微博话题的公众情感分析技术研究
本文选题:微博 切入点:公众情感分析 出处:《解放军信息工程大学》2015年硕士论文 论文类型:学位论文
【摘要】:随着Web2.0的兴起和迅速发展,互联网上涌现出大量以微博为代表的社交媒体。微博凭借其短小精悍、发布便捷和更新快速等特点,已经成为公众获取信息和交流情感的重要平台。微博话题传播速度快、社会影响大,为公众的信息获取、分享和传播提供了便捷的服务,同时也为敌对势力和不法分子传播失实言论、引发公众负面情感提供了渠道。因此,有效的对微博话题的公众情感进行分析,能够为政府部门了解公众民意和制定高效决策提供支持,对微博舆论监控和引导具有重要意义。本文研究微博话题的公众情感分析技术,主要包括微博话题追踪、微博情感分析和微博话题公众情感分析三个部分。论文的主要研究成果如下:(1)研究了微博话题追踪技术,针对传统方法往往在微博话题追踪中忽略了特征之间的语义信息,导致追踪效果不够理想的问题,提出一种基于词向量的微博话题追踪方法。首先,使用神经网络语言模型在大规模数据集上训练,得到能够准确表示词语语义的词向量;然后,利用词向量扩展特征向量的语义信息,建立初始话题和微博模糊集合;最后,计算微博模糊集合和初始话题模糊集合之间的相似度,并依据设定阈值进行判决,完成话题追踪。在微博话题语料上进行实验,该方法的综合F1值达到85.71%,比传统方法提高了5%,表明基于词向量的微博话题追踪方法能够充分利用词向量引入的语义信息,从语义层面完成话题追踪,相比传统方法能够有效提高微博话题追踪性能。
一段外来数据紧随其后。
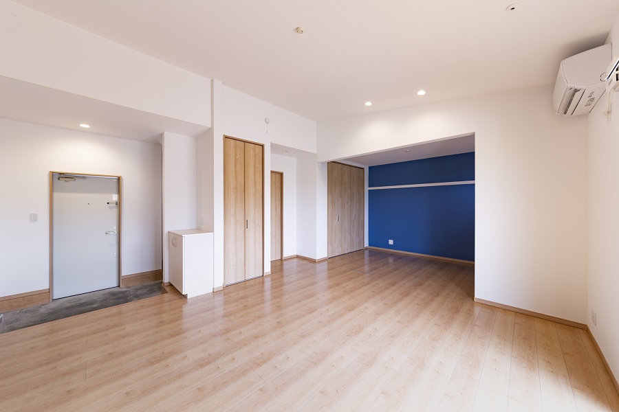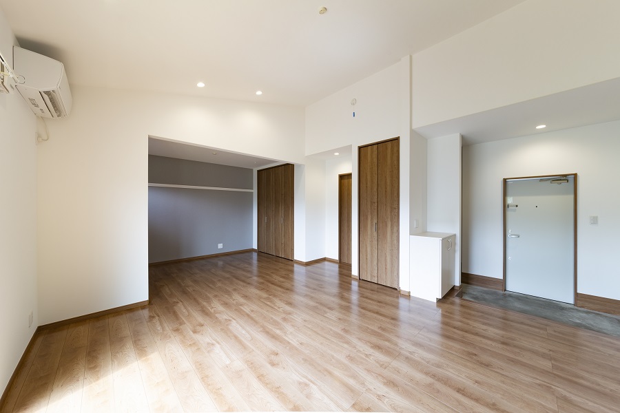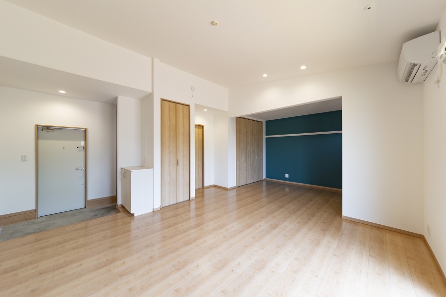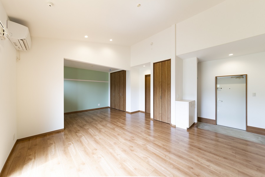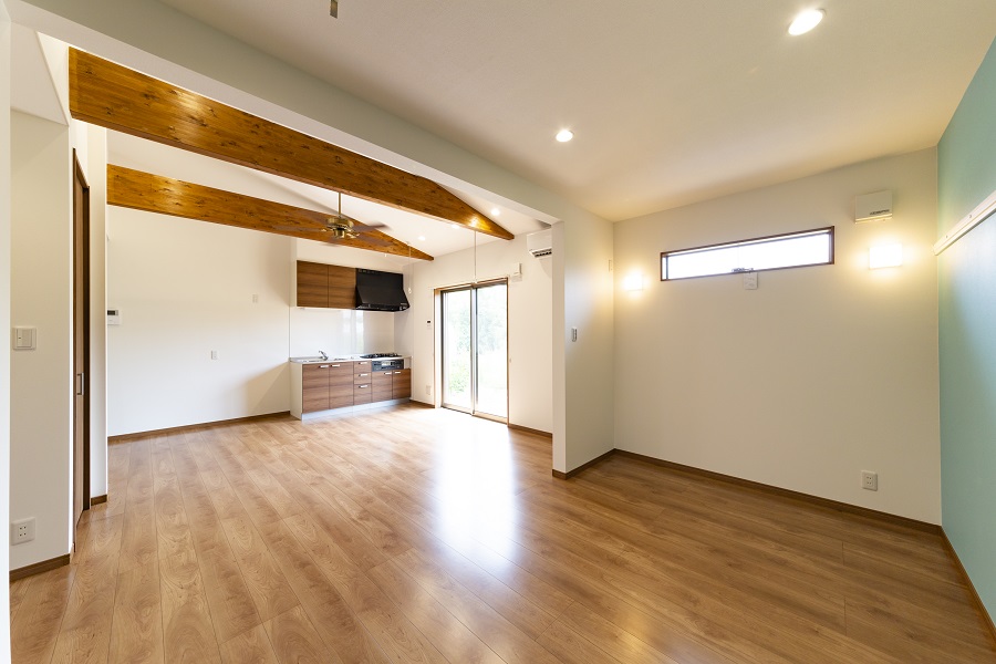 奥に配置した洋室も、ドアを無くす事で間仕切りのない「広々空間」に仕上がりました。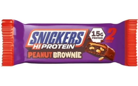 Riegel mit hohem Proteingehalt, mit einer Schicht aus Karamell und einer bissfesten Erdnuss-Brownie-Füllung, mit Milchschokolade überzogen.

(2)研究了微博情感分析技术,针对传统的无监督微博情感分析方法不能很好地解决微博语料特征稀疏的问题,提出一种基于BTM(Biterm Topic Model)的无监督微博情感分析方法。首先,利用BTM模型对微博语料中的共现词对进行建模,挖掘文档中的隐含主题;然后,利用合并的情感词典计算隐含主题的情感分布;最后,结合文档的主题分布和主题的情感分布计算微博的情感倾向,完成情感分析。在NLPCC2012评测语料上实验,该方法的平均F1值达到75.88%,比传统方法提高了15%,表明基于BTM的无监督微博情感分析方法能够有效解决微博语料特征稀疏对情感分析的影响,在无监督的情况下准确得到微博的情感倾向。(3)研究了微博话题公众情感分析技术,针对已有的相关研究忽视或者不能准确的对公众情感进行描述和分析,导致无法满足微博舆论监控和高效决策需求的问题,提出一种有效的微博话题公众情感分析方法。首先,抽取微博话题的正负面情感摘要,对公众情感进行描述;然后,利用提出的三种指标对公众情感进行分析,得到公众对话题的情感倾向;最后,利用提出的引导句生成方法来引导公众情感。在微博话题语料上进行实验,该方法的综合F1值达到54.95%,比传统方法提高了11%,表明该方法不但能够提高微博话题情感摘要的综合性能,而且能够准确得到公众对话题的情感倾向,并有效引导公众情感。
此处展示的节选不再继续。